Зато западная историческая наука пробила свою глубокую колею хода Второй мировой войны, которая повествует о славе англо-американского оружия, недальновидном Сталине, закидавшем трупами немецкие танки, да лютых русских морозах, спасших глупых и неумелых большевиков. Вроде как Гитлер этим был обречен с самого начала. Вроде как поставки оружия и продовольствия из Соединенных Штатов в СССР сделали из крестьянского сброда настоящую Красную армию, а медлительность и трусость лично Сталина, отдавшего приказ не вступать с немцами в боестолкновения до начала фашистской агрессии, неготовность советских армий стоили гибели миллионов военнослужащих и их отступления до самой Москвы» [2].

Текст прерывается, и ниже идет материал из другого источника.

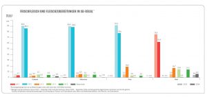 Mit 14,1 % erreicht die Haltungsstufe 5 bei Rindfleisch – sowohl an der Bedientheke als auch im SB-Regal – den höchsten Wert unter allen Fleischsorten. Auch die Haltungsstufe 3 „Frischluftstall“ legt deutlich zu.
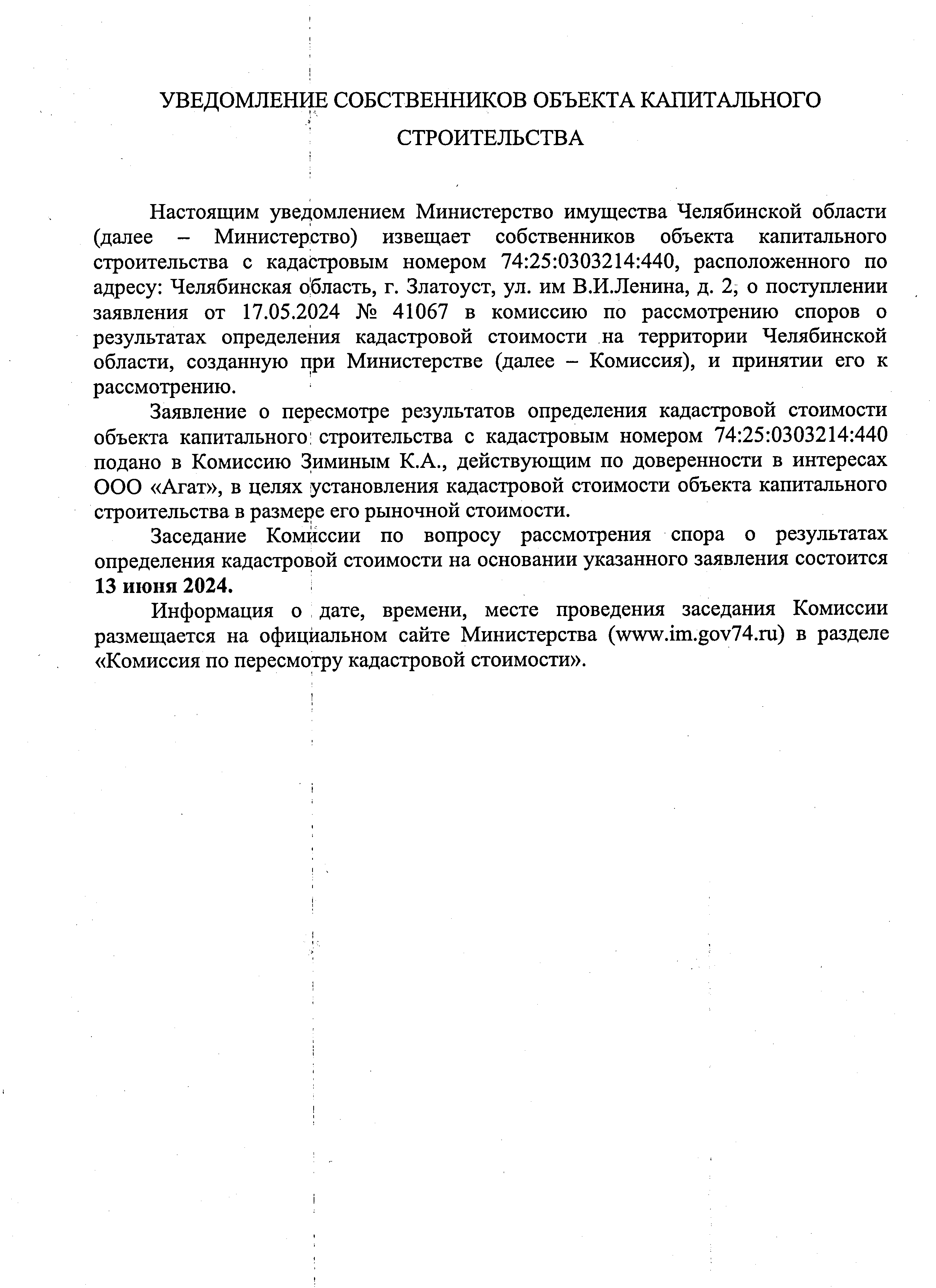 Уведомление собственников капитального строительства
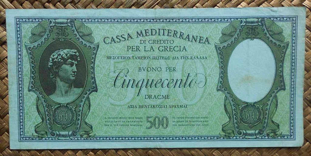 El billete de 500 dracmas de Grecia ocup. Italiana de 1941 presenta cromaticidad predominantemente verde en distintas tonalidades. El busto de David de Miguel Angel en el anverso.
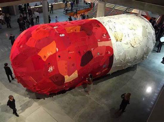 近些年,中国的当代艺术家也将医药融入艺术实践。尹秀珍曾在莫斯科车库当代艺术博物馆展出《缓释》她在莫斯科当地收集了总面积超过200平米的二手衣物,并手工缝制成一颗直径4.5米、长度12米的巨型胶囊药丸。
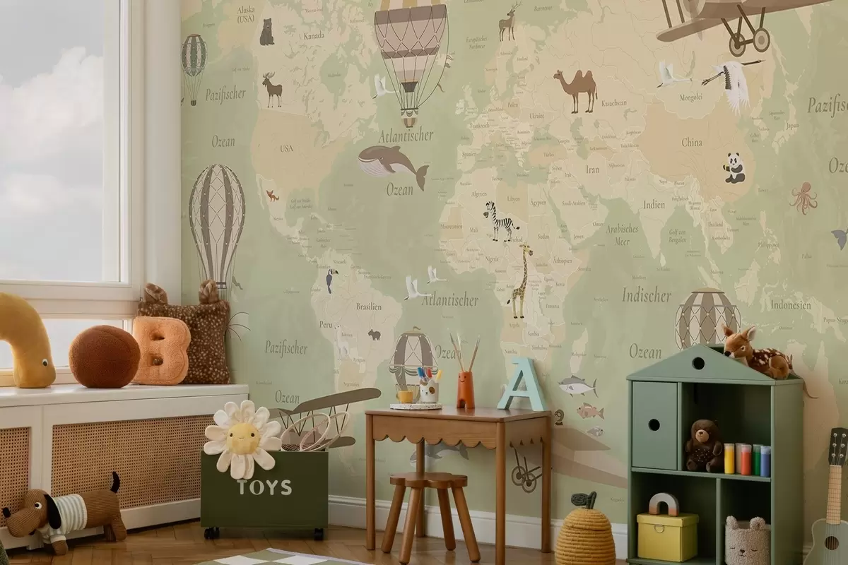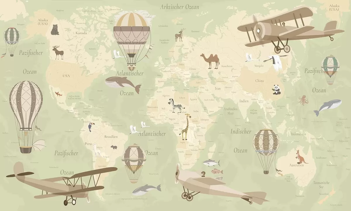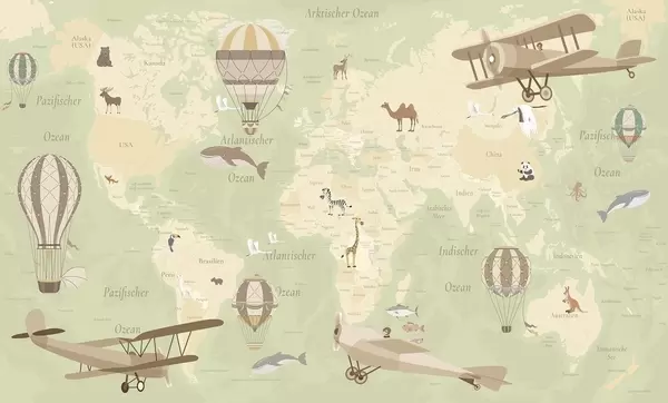 Fotomurales Mapa mundial infantil con animales, aviones y globos aerostáticos. En alemán. Color verde. Nr. c00003dev2
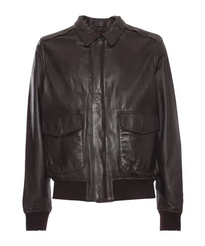 Long-sleeved Leather Jacket In Brown

…И вот после всех этих размышлений уже который день просматриваю различную тематическую литературу, хожу в библиотеки и архивы, изучаю сайты в Интернете. Убеждаюсь в том, что действительно очень скупо говорится о боях под Ржевом. Напомню, что Западным фронтом, передний край которого в 1942 году находился всего в ста пятидесяти километрах от Москвы, руководил тогда еще генерал армии Г. К. Жуков. Его длительное, более пятнадцати месяцев (с некоторыми перерывами), пребывание под Ржевом также давало повод для размышлений. Получалось, что прославленный полководец вложил много сил, ума и настойчивости в руководство продолжительными боевыми действиями на этом направлении, а в итоге результаты сражений оказались неудачными, что совсем не добавляло ему заслуг. Фашисты так и оставались на занятых ими позициях.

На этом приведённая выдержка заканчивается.